Software quality rant

jwatte's picture

Last week-end, I lost the boot disk for my Linux server. Mostly, that server just serves as a file server for MP3 files, photos and ripped DVDs these days, but not being able to listen to music or watch movies does cramp your style a little bit.

I actually run most everything in redundant mode (RAID1 mirroring), so it should have been a simple thing to just remove the bad disk, keep the good mirror, and restart the system. Unfortunately, however, a md "soft RAID" device isn't actually recognized by the BIOS, and trying to re-install GRUB to boot from the second (non-lost) drive met with all kinds of mysterious and poorly documented failures. In the end, I put a small partition onto the bad disk (before the bad blocks) and re-ran GRUB in manual mode, and got the system up and running again.

Here's the first rant about software quality: The Ubuntu install disk, and GRUB, could not give me any kind of useful diagnostics when they didn't work. They just said "hey, it failed!" That's not... very useful. After going into the syslog and troubleshooting for a long while, I started piecing together what the problem might be, and after much trial-and-error, I came up with my own solution. Someone who hasn't run Linux for the last 13 years probably wouldn't have been as lucky.
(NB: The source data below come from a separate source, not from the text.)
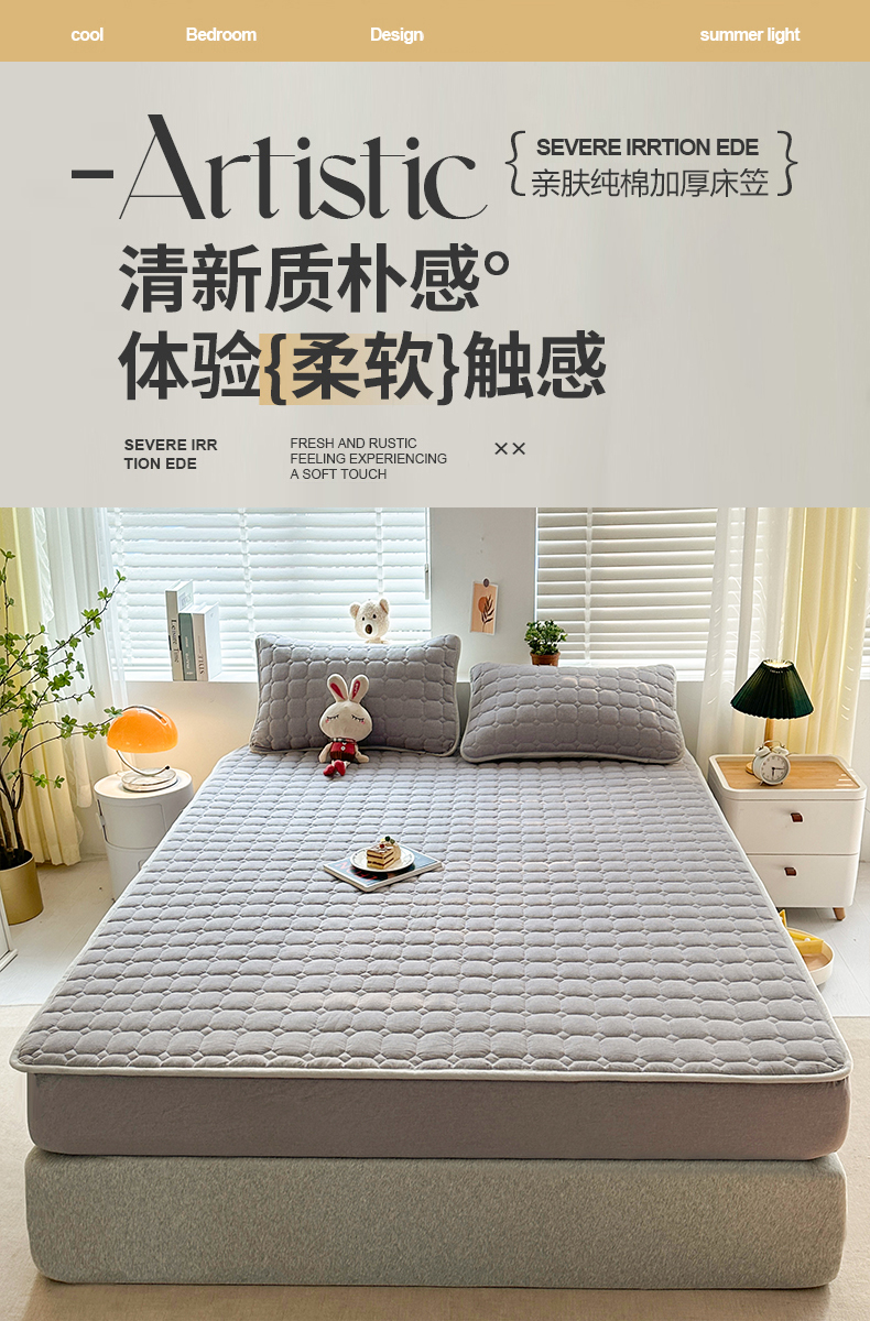 • 91家纺网 家纺一手货源 找家纺 铭成家纺 2025新款A类亲肤纯棉加厚床笠 经典冰山灰
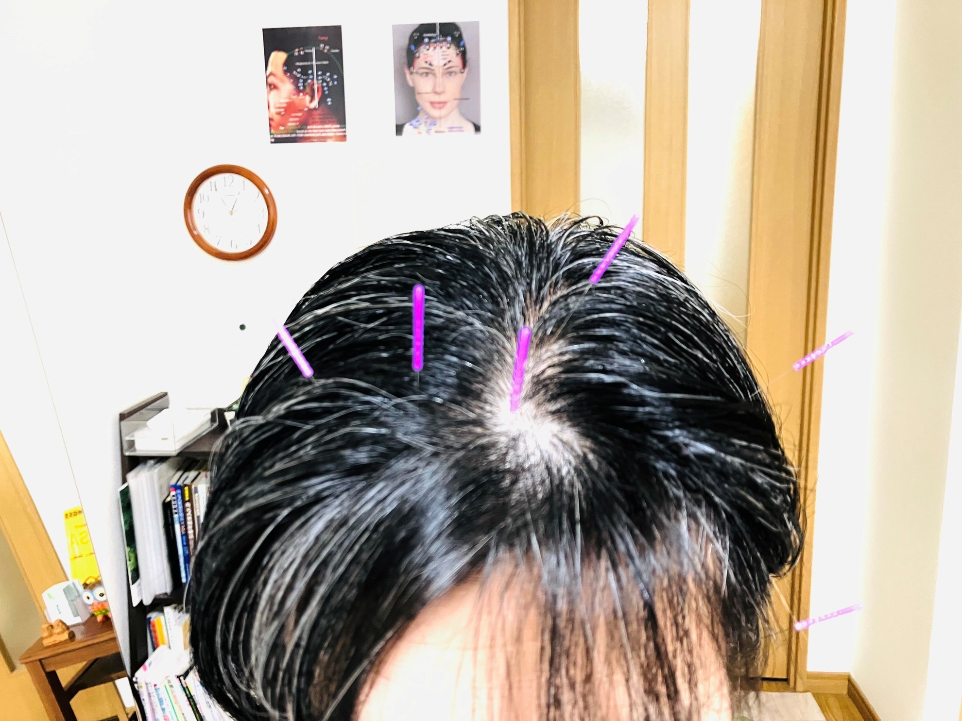 施術では頭皮にある全身の部位に対応したツボに鍼をします。
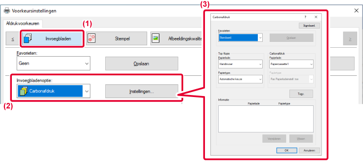 - Selecteer [Carbonafdruk] bij 'Invoegbladenoptie' en klik op de toets
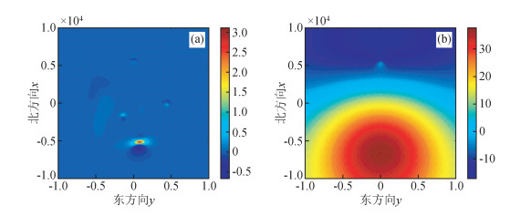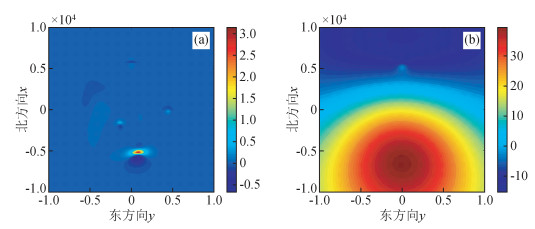 图 4 用曲面函数求曲面的法向导数图(a)和高度为6600 m的理论ΔT等值线图(b) Figure 4 The normal derivative determined from surface function (a) and the ideal magnetic anomaly ΔT at the height of 6600m (b) |
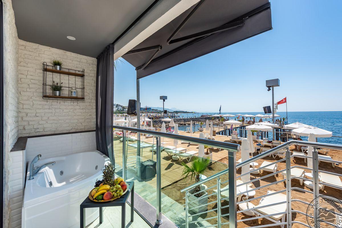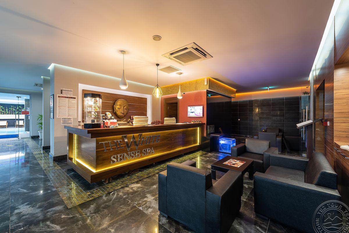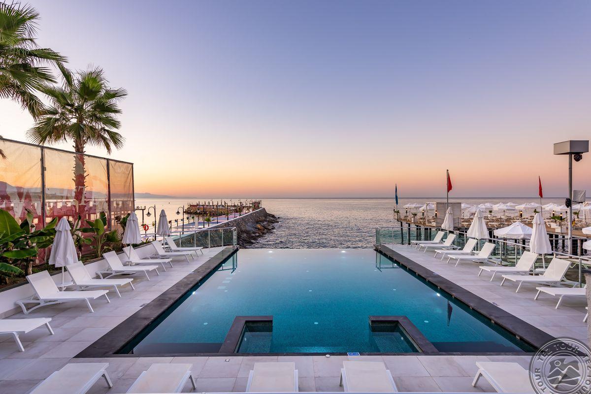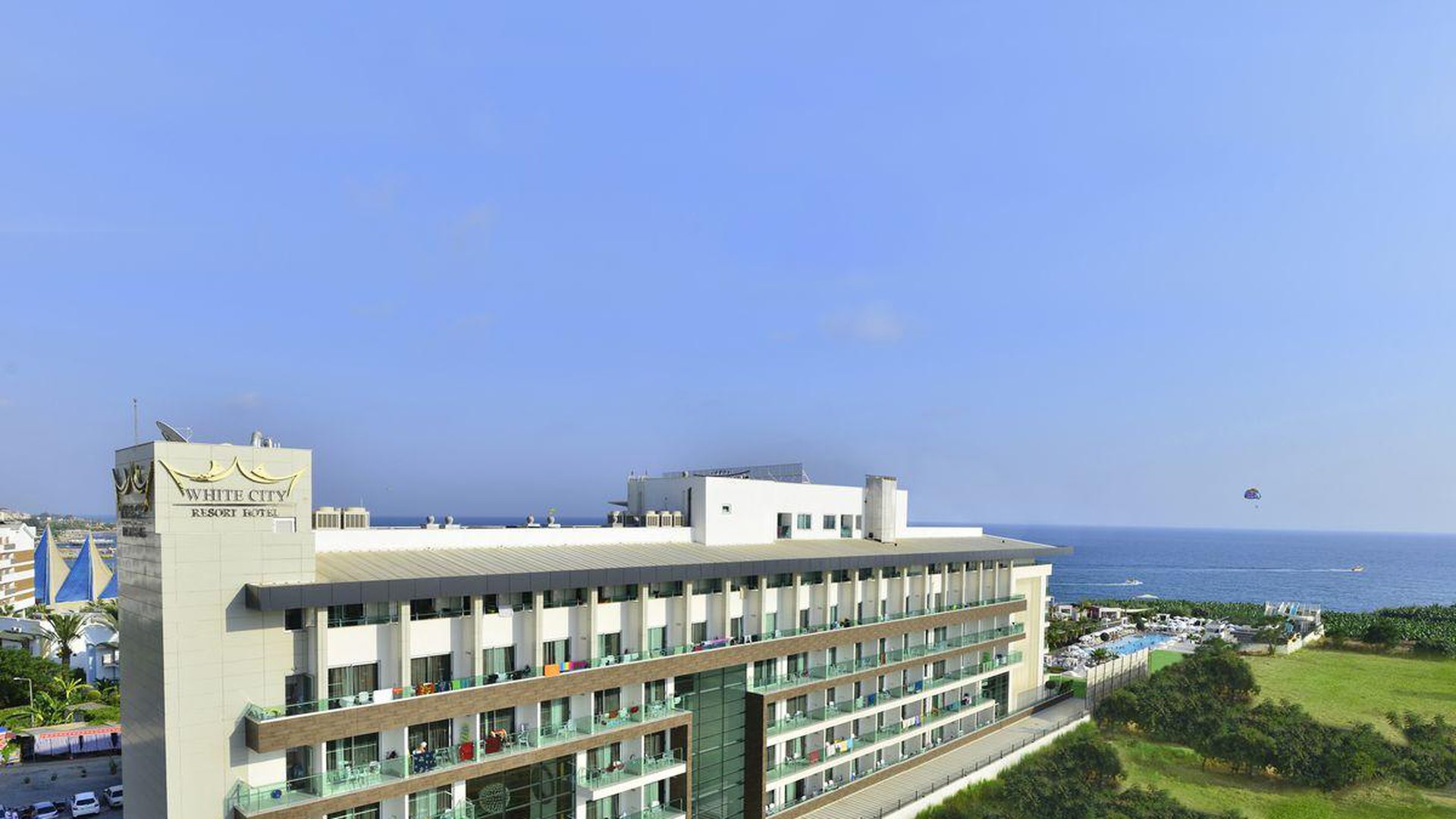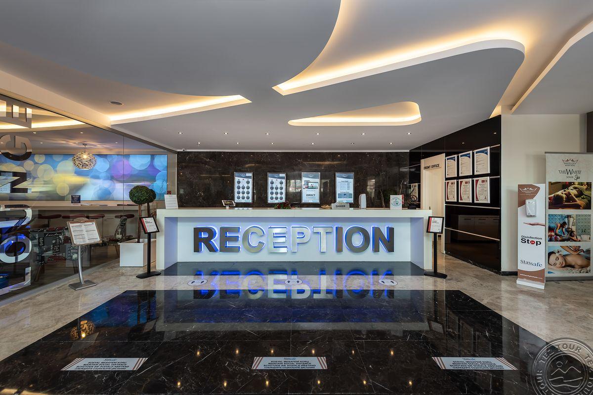 2 yra šio tinklo viešbučiai, White city beach tik suaugusiems, 4* . Paplūdimyje smėlio nedidelis pliažas, pirsas. Fojė mažiukas, tamsu, bet gražu, nauja viskas, groja muzika. Lobby baras 24 h, yra importinių gėrimų. Wifi nemokamai visur, seifas nemokamai. Ala carte 1 kartą nemokamai. 3 iš viso ala carte, 1 pliaže, 2 prie baseino. 240 kambarių, 9 Premier kambariai paplūdimyje tik suaugusiems. Yra infinity baseinas prie jūros, šildomas 04.01-05.15 ir rudenį. 2014 m. atidarytas, 2022 m. renovuotas paskutinį kartą, kasmet atsinaujina, šiemet dauguma kambarių renovuota. Standart kambarys nuo 2 aukšto, side sea view kambariais, normalus, tvarkingas, erdvesnis, max 3 asm. Family 2 miegamieji su durim, 2 san mazgai, daug vietos, max 6 asm, bet 5 patogiau. Yra kalneliai suaugusiems. Yra gatvės maisto kioskeliai. Žalia, graži, siaura, moderni teritorija aplinka. Prie jūros pirsas didelis ir šalia gabaliukas smėlio kranto. Beach kambarys erdvus, mini baras kasdien papildomas, ala carte nemokamai šitam kambariui, max 2 ams. Paviljonai ant pirso galo mokami, kur arčiau baro nemokamai. Šalia viešbučio yra visokių turgelių, parduotuvių.
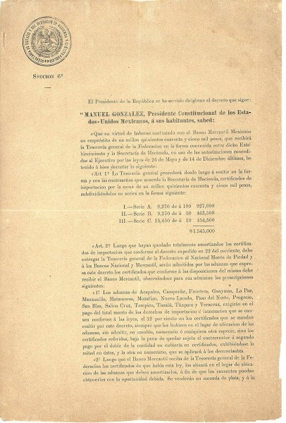 Decreto del Presidente de México, Manuel González, emitiendo tres series de certificados de importación para amortizar 1, 545,000.00 pesos,
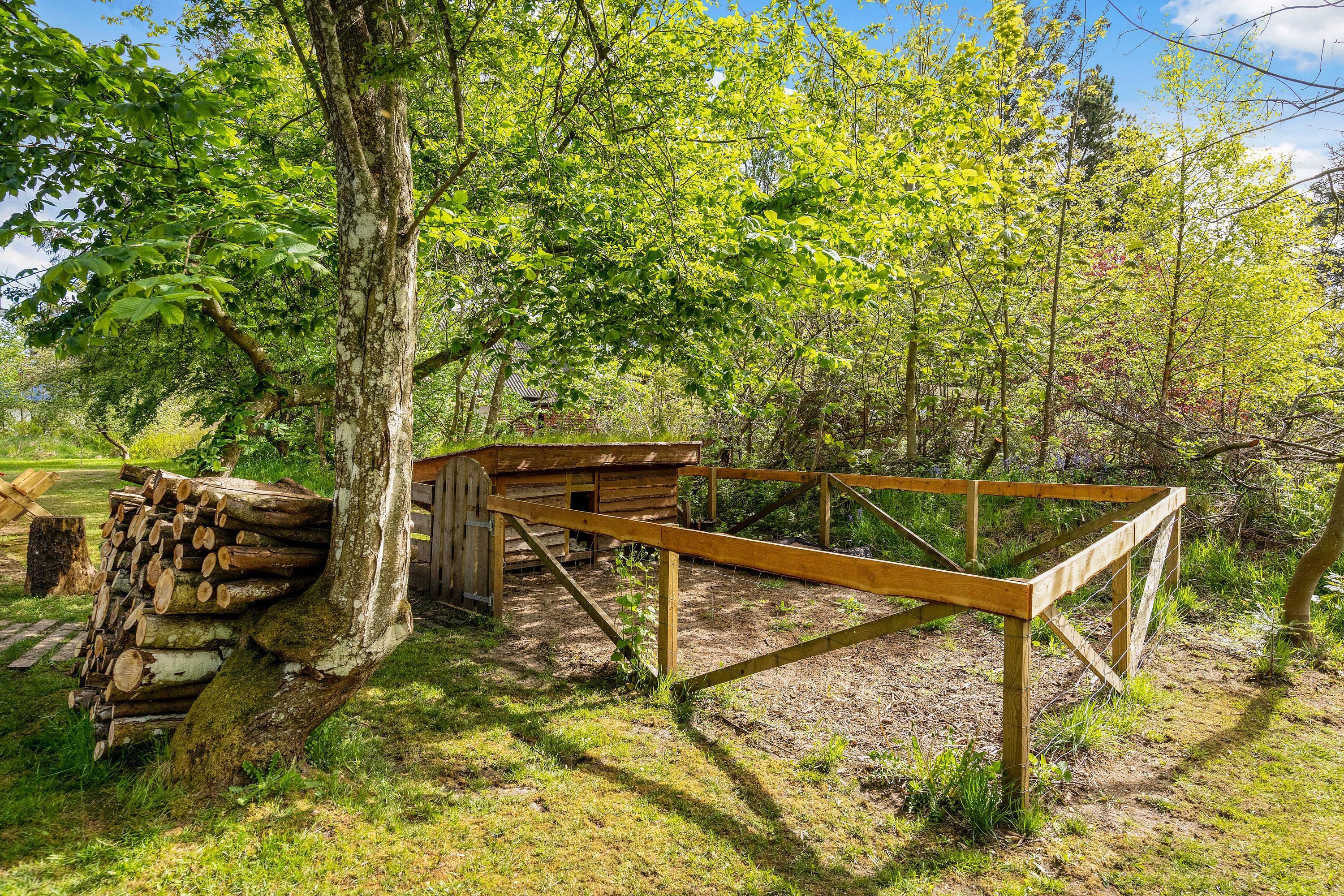 Den sydvendte terrasse med overdækning og afskærmning er en særlig perle, der inviterer til lange aftener i det fri, uanset vejret. For dem, der elsker hyggelige sammenkomster, tilbyder grunden en bålplads, hvor I kan nyde stjernetrunkede nætter omkring ildens skær. Selv jeres kæledyr er der tænkt på med en rummelig hundegård, så alle i familien kan nyde ferien fuldt ud.
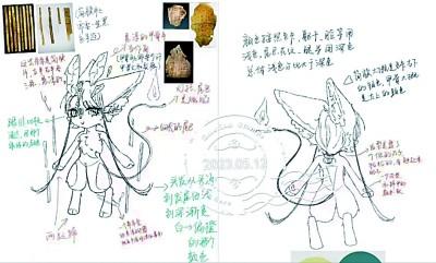 “這是我們設(shè)計的吉祥物‘活字’,它的周邊懸浮著一圈漢簡,頭是動漫風(fēng)格的獸首,兩個獸角是甲骨片的樣式,棕色的身體呼應(yīng)了埋藏西北漢簡的沙漠。”負(fù)責(zé)工作室運(yùn)營的學(xué)生興致勃勃地介紹著設(shè)計圖。他們告訴記者,吉祥物尾巴參照三星堆青銅神樹做成了燈盞的樣式,上面承載一個火種。它既有指引之義,又象征著中華文化傳承不滅。
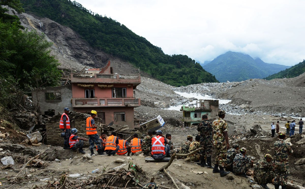 Flash floods and landslides occur frequently in the mountainous terrain of Nepal, especially during annual monsoon rains between June and September.
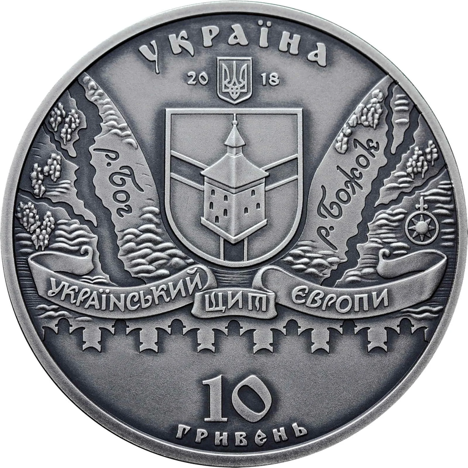The obverse features "УКРАЇНА" above Ukraine's small coat of arms, flanked by 20 and 18. The central shield depicts a tower beside stylized maps labeled "р. Бог" and "р. Божок." Below is the inscription "УКРАЇНСЬКИЙ ЩИТ ЄВРОПИ," with the face value "10 ГРИВЕНЬ" on a merloned background.
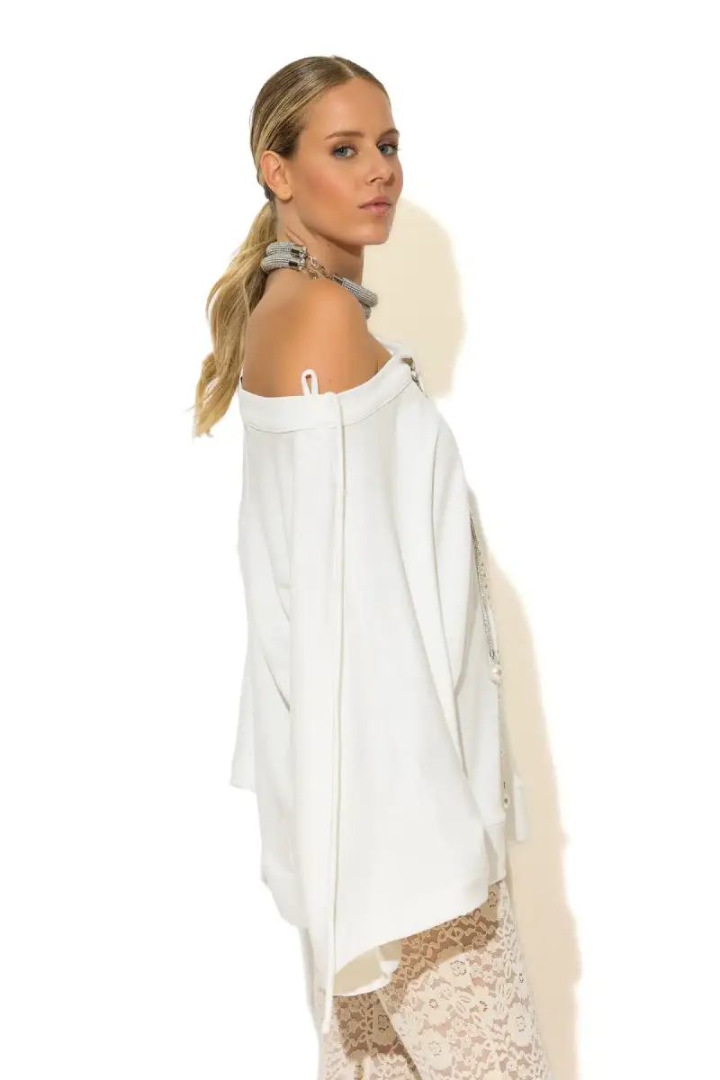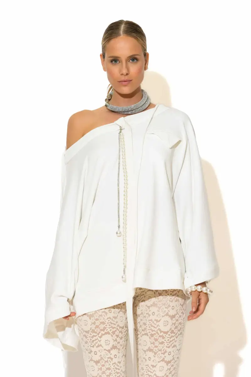 Τα μακριά μανίκια σε καμπάνα γραμμή δίνουν αίσθηση κίνησης και στυλ, ενώ η τσέπη στο στήθος προσθέτει casual χαρακτήρα χωρίς να αφαιρεί από την κομψότητα. Το πιο εντυπωσιακό στοιχείο είναι ο διακοσμητικός γιακάς, στολισμένος με περλέ λεπτομέρειες και κρυστάλλους με έντονη λάμψη, που μετατρέπει το sweatshirt σε statement κομμάτι.
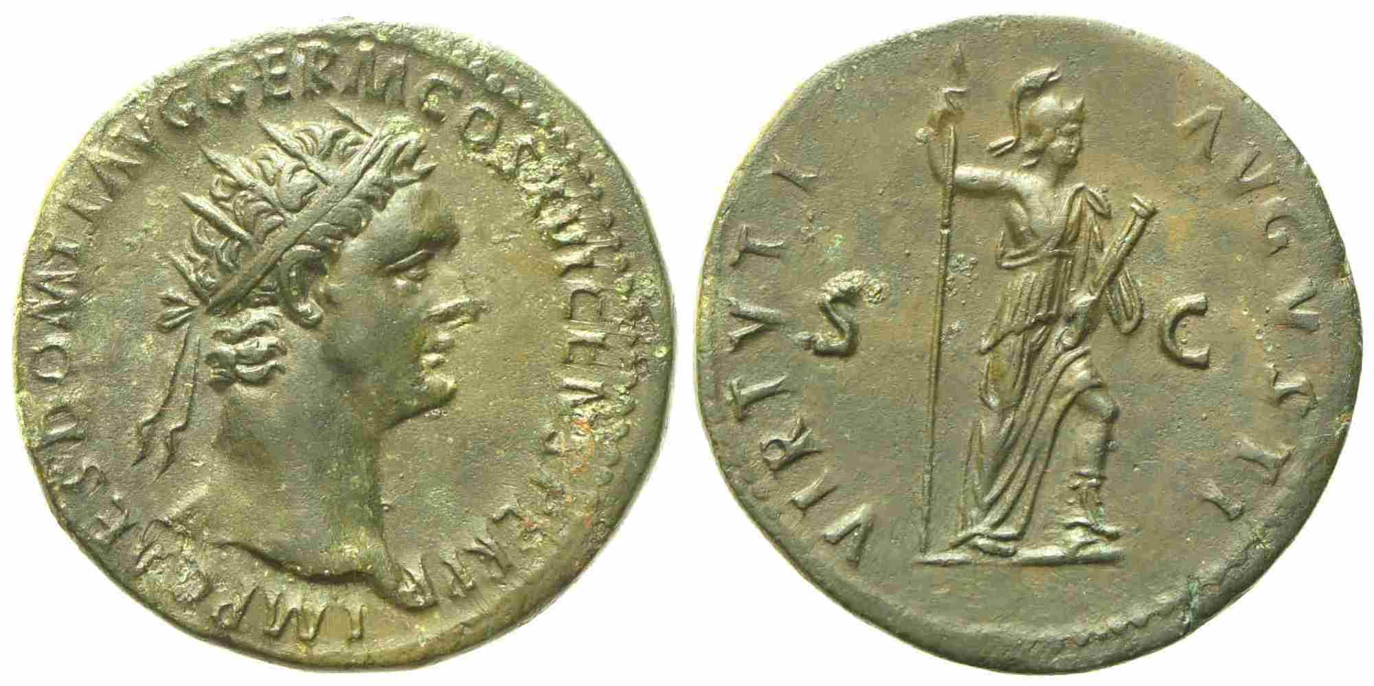 Domitian (81-96), Dupondius, Rome, AD 92-94; Æ (g 11,85; mm 27); IMP CAES DOMIT AVG GERM COS XVI CENS PER P P, radiate head r., Rv. VIRTVTI - AVGVSTI, Virtus standing r., foot on helmet, holding spear and parazonium; in field, S - C. RIC II 754. Untouched dark green patina; extremely fine.
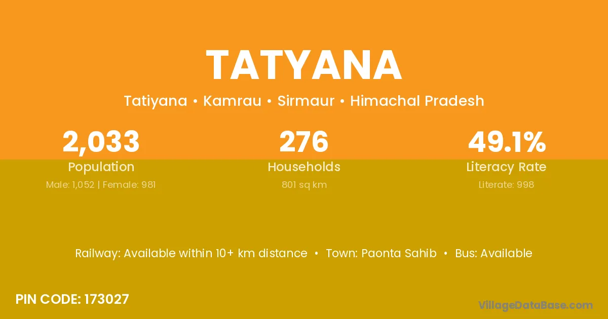 Paonta Sahib is the nearest town to Tatyana village for major economic activities
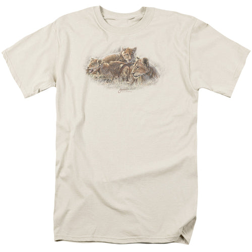 Wildlife Lion Cubs Mens T Shirt Cream

This week-end, I'm about to replace the six disks of small capacity (left through legacy) with a pair of 1.5 TB disks (Samsung eco disks for $99 each!) Samsung has a disk utility on their web site ("estools") which can burn to a bootable CD ROM, and be used to test the drives before putting them into production. That's generally a good thing! I wouldn't want to put in a drive, and then have to take it out again a day later.

I booted up the DOS based utility on my desktop machine (NVIDIA i650 chipset based), and started scanning one of the disks. That will take about three hours, so I shut down the Linux box and put in the second disk. Booting the DOS system, the estool quickly crashes with an access violation exception. Apparently, a module called int_ahci has trouble. (This board is based on Intel G33 AFAICR)
Searching on the web, I can only find one other user who has seen that problem == and that user didn't care; all he wanted to do was turn on SMART for the hard disk. Searching on Samsung's web site, there is no FAQ or other information about this problem. However, what's more troubling is that there's no contact information for support with their support tool. All they have is a form for RMA-ing a disk, which is not at all what I want to do.

So: There's a diagnostics tool that has not been tested with an Intel chipset that's two or three years old by now (and fairly common). There's no way to get support for what to do when this tool doesn't actually work. What's worse is that, by not having a conduit back into the company, Samsung will not learn about this bug in the tool, so it will remain there forever, even if they wanted to fix problems like these. Given that their hard drive partitioning tool ends support at Windows 2000, with only implicit support for Windows XP, and no support for Vista or Windows 7, it's unclear how much they'd care, anyway.

For the past few years, I've been of the opinion that it's impossible to actually get computers to do what you want them to do, even though, by all indications, it should be totally possible. The reason for this is that computer development, and software development, is a race to the bottom in quality. Shipping something that appears to work for 80% of customers is more important than actually doing what it says on the tin. And, once you've shipped, it's more important to play catch-up with the competition, that already announced some new vapor-ware, than actually making the remaining 20% work. I am getting really, really tired of this.

And, before someone says I should try Windows 7 / Fedora / Ubuntu / NetBSD / MacOS X / FreeDOS / Solaris / Minix: they are all crap. Computer hardware is too diverse to be well supported, documentation is too scarce (and jelaously guarded, in most cases!), testing is too expensive, and there'll be something new and shiny to work on in six months anyway. Mac OS has actually been the worst to me (even though Apple allegedly has the "benefit" of controlling their own hardware/software); Linux has been better, but not great (it's actually feeling like it's going downhill since I switched from build-your-own-distro to Ubuntu), and the OS with the least problems so far has been Windows 7. Say what you want about Microsoft problems from the past, but they do have a lot of people employed doing both user interface and quality testing, which is more than you can say for most other computer products.

Too bad they don't do the same thing for their hardware: my X-box has been sent back three times (once for DVD problems, twice for 3RROD). At least they pay for replacement and shipping both ways...

But the web is the new platform for software, right? Web apps like GMail will kill ancients monoliths like Office, right?
So, I went to my Gmail account through my browser bookmark. It opened the "loading jwatte@gmail.com" prompt. Then I heard the page reload click. And then I heard it again. And again. It kept trying to reload the page, never making any progress. In the end, I had to click the "load basic HTML" link at the bottom to get it to load my mail inbox. Because, you know, web pages are really hard to write, and harder to test for unimportant niche browsers like IE8, and email isn't important enough that customers should care when it doesn't work anyway. Right?

Btw: My netbook (MSI Wind 123) came with a Bluetooth logo on the box, and a Bluetooth LED built-in, and a Bluetooth utility on the hard disk. But no actual Bluetooth module installed. Checking support, that's how it's supposed to be. Yay crappiness!